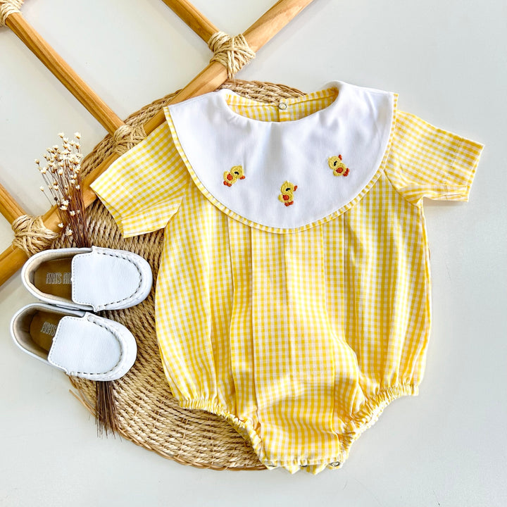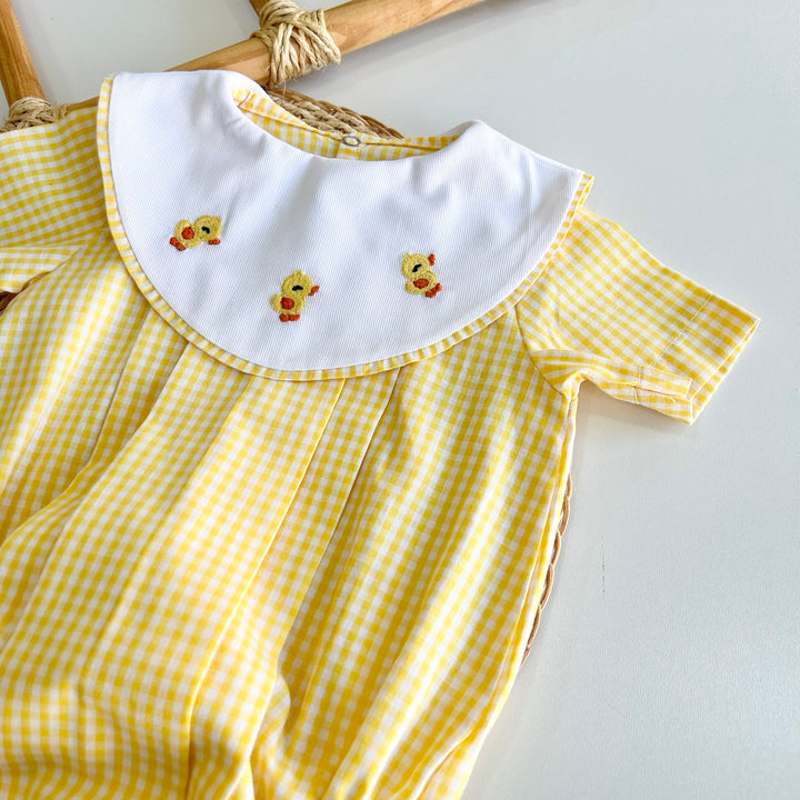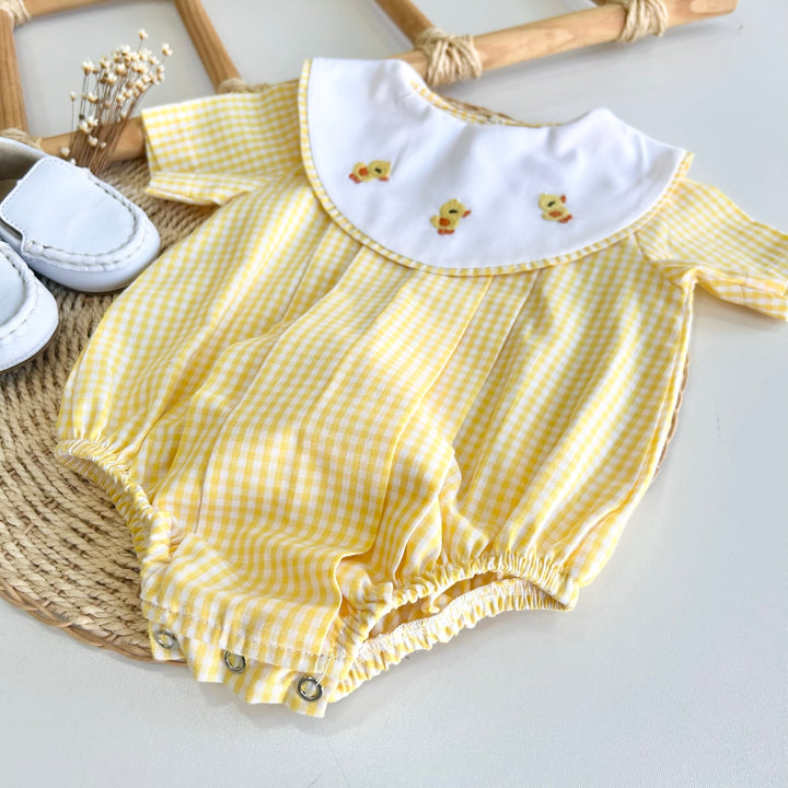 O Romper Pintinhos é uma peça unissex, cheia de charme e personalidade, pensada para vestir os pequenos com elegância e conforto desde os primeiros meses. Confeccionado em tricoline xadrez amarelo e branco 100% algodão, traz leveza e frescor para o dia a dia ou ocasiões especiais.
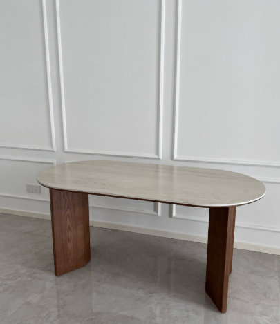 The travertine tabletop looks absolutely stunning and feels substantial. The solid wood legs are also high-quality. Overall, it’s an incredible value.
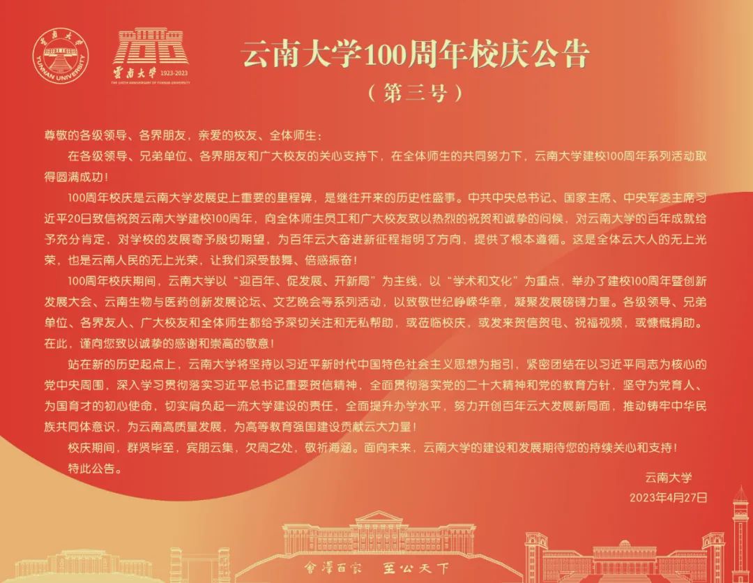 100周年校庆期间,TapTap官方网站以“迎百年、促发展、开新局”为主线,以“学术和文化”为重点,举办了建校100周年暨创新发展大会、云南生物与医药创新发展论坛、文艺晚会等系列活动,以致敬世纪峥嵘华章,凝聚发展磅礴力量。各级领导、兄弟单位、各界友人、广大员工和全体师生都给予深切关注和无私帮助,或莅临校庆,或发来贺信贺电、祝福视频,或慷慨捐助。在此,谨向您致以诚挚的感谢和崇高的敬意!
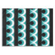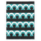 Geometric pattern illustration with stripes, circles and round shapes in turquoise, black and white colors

***

Task instructions: Please restate word for word each line from the one containing "100周年校庆期间,TapT" to the end of the data above, without the pictures.

Output for this task:
 100周年校庆期间,TapTap官方网站以“迎百年、促发展、开新局”为主线,以“学术和文化”为重点,举办了建校100周年暨创新发展大会、云南生物与医药创新发展论坛、文艺晚会等系列活动,以致敬世纪峥嵘华章,凝聚发展磅礴力量。各级领导、兄弟单位、各界友人、广大员工和全体师生都给予深切关注和无私帮助,或莅临校庆,或发来贺信贺电、祝福视频,或慷慨捐助。在此,谨向您致以诚挚的感谢和崇高的敬意!
 Geometric pattern illustration with stripes, circles and round shapes in turquoise, black and white colors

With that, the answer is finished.